Choosing the right transmission medium for any application

February 2003 IT infrastructure

It used to be when you were designing a security or surveillance system choosing the right cabling was the easy part. You just planned on installing enough coaxial cable to cover the distance. If control was needed, just plan on installing the same amount of twisted pair to cover the distance. Factor in amplifiers for distances over 304,8 m, lightning and ground loop protection and all you had to do was settle on the camera, control and monitor manufacturer.

Easy, you just lived with the downside - the possibility of poor quality video, interruptions and electrical interference. It did not matter how near or far the transmission distance was, just keep adding cable and amplifiers and you could get the signal where it needed to be.

Then, about 15 years ago, a slender glass fibre clouded the entire picture. Fibre-optic transmission was gaining acceptance as a transmission medium. Everyone who tried fibre-optic transmission grew to be in favour of the inherent benefits brought by fibre-optic transmission.

By now, it has come to be generally accepted that fibre-optic transmission is a practical method of transmitting video, audio and data signals for the following reasons:

* Radio frequency interference (RFI) and electromagnetic interference (EMI) are eliminated and protection from lightning and ground loops is gained.

* No signal radiation, optical fibre eliminates cross talk or electrical shorts.

* Fibre-optic transmission offers very high bandwidth that is ideal for moving large volumes of audio, video and data signals simultaneously.

* Fibre-optic cables are difficult to break into, making very secure communications possible.

* Optical fibre is lightweight and small.

* Installation flexibility: optical fibre offers flexible installation options relevant to electrical codes that need to be abided by.

* System upgrades and changes are easily accomplished: upgrading the channel-carrying capacity and type of signal is as easy as changing the fibre-optic transmitter and receiver on each end. No additional cables to be pulled.

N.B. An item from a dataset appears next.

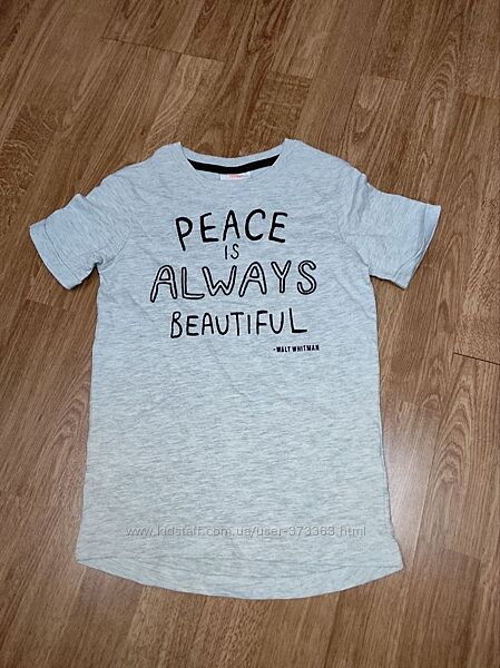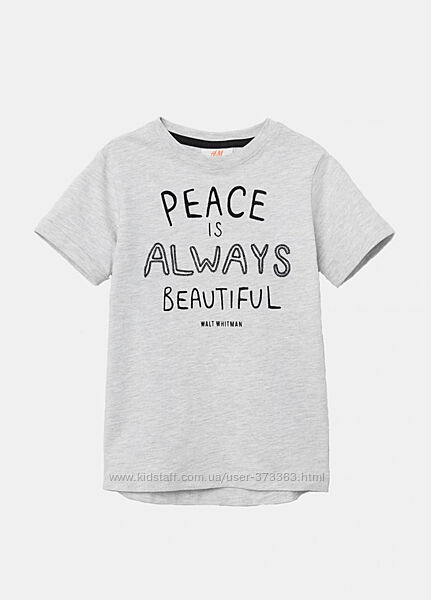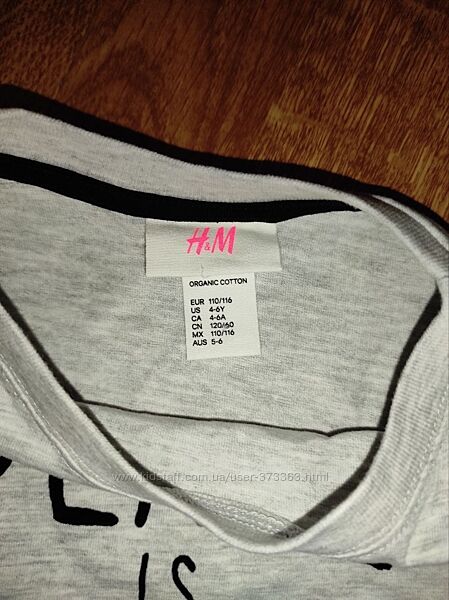 Футболка унісекс H&M. Склад: 98% бавовна, 2% віскоза. Колір: світло -сірий. Розмір: 110/116 на 4-6 років. Довжина - 50/52 см (ззаду довше) Довжина рукава від плеча - 14 см ПІГ - 35 см Плечі - 30 см.

But, as it was initially gaining acceptance, there was a downside. Ten years ago, optical fibre itself was more expensive. Plus, fibre termination was labour and cost intensive. And on top of that, the electronic equipment that converted the video or data signal so it could be passed over the optical cable was an additional cost to be considered.

Although, even when the extra costs were considered, the economics of larger security projects generally started swinging more and more of these projects toward fibre-optic transmission. When extended distances had to be covered, the inherent benefit of long distance signal transmission capabilities that fibre offered was clear to see.

But finding this break-even distance of when to use fibre versus coaxial was hard to predict. Now on to today. With prices of fibre and the transmission equipment becoming more competitive and fibre termination easier than ever, the break-even distances are becoming shorter, and, it used to be that anything over a kilometre required fibre. But now those distances have been reduced substantially.

Flexibility and growth

And two more important elements have been added to the equation that can really direct the value toward fibre-optic transmission. Those elements are system life span and flexibility for system growth.

The life span of coaxial cable is generally considered 7-10 years before the elements it is exposed to, begin to have an effect on the video performance. Although there are certain types of cables available that have manufactured-in resistances to such things as moisture, ultraviolet light, and solvents, they generally add to the cost of the cable. Fibre-optic cables can be subjected to similar environmental conditions but being non-metallic are not subject to the corrosion that can happen with coaxial cable and have considerably longer life cycles.

Individual optical fibres utilise a buffered coating that protects them within a larger protective jacket. In terms of size relationship, a fibre-optic cable the same diameter of a common coaxial cable can contain six optical fibres adding to the flexibility and another of the cost advantages that can be gained from using optical fibre.

As reviewed earlier, there is no medium available at this time that has the bandwidth capacity fibre-optic transmission offers. While a single coaxial cable has the capacity to transmit only a single channel of base-band video, a single strand of fibre in combination with the different types of fibre-optic transmission equipment available can carry as many as 32 individual video signals a distance of 64,36 km. The cost-efficiencies gained by this flexibility are virtually incalculable.

Fibre-optic transmission product companies such as International Fiber Systems, (USA) have been at the forefront of making fibre-optic transmission the medium of choice for virtually any application in the security industry. Utilising that same single fibre, depending on the need, video, audio and data signals can be transmitted on that single optical fibre.

In the short term and for a very simple installation, for example a four-camera CCTV system, the initial transmission medium, equipment and installation costs are very similar between coaxial cable and fibre. In many cases, even distances as short as 500 m, selecting fibre as the medium can be a very cost-efficient choice.

In addition, if the system needs to be expanded to an eight-camera system the process is very simple to perform. Simply replace the existing transmission equipment with an eight-channel fibre-optic multiplexer, and connect the camera feeds.

How do you decide which, coax or fibre, is best for your next application? As outlined, for shorter distances and very small systems coax may still be the way to go. But as soon as the distance increases or the installation moves outdoors, the value fibre-optic transmission offers becomes very evident. For most new installations, choosing fibre for all the inherent benefits and future flexibility might be the right choice.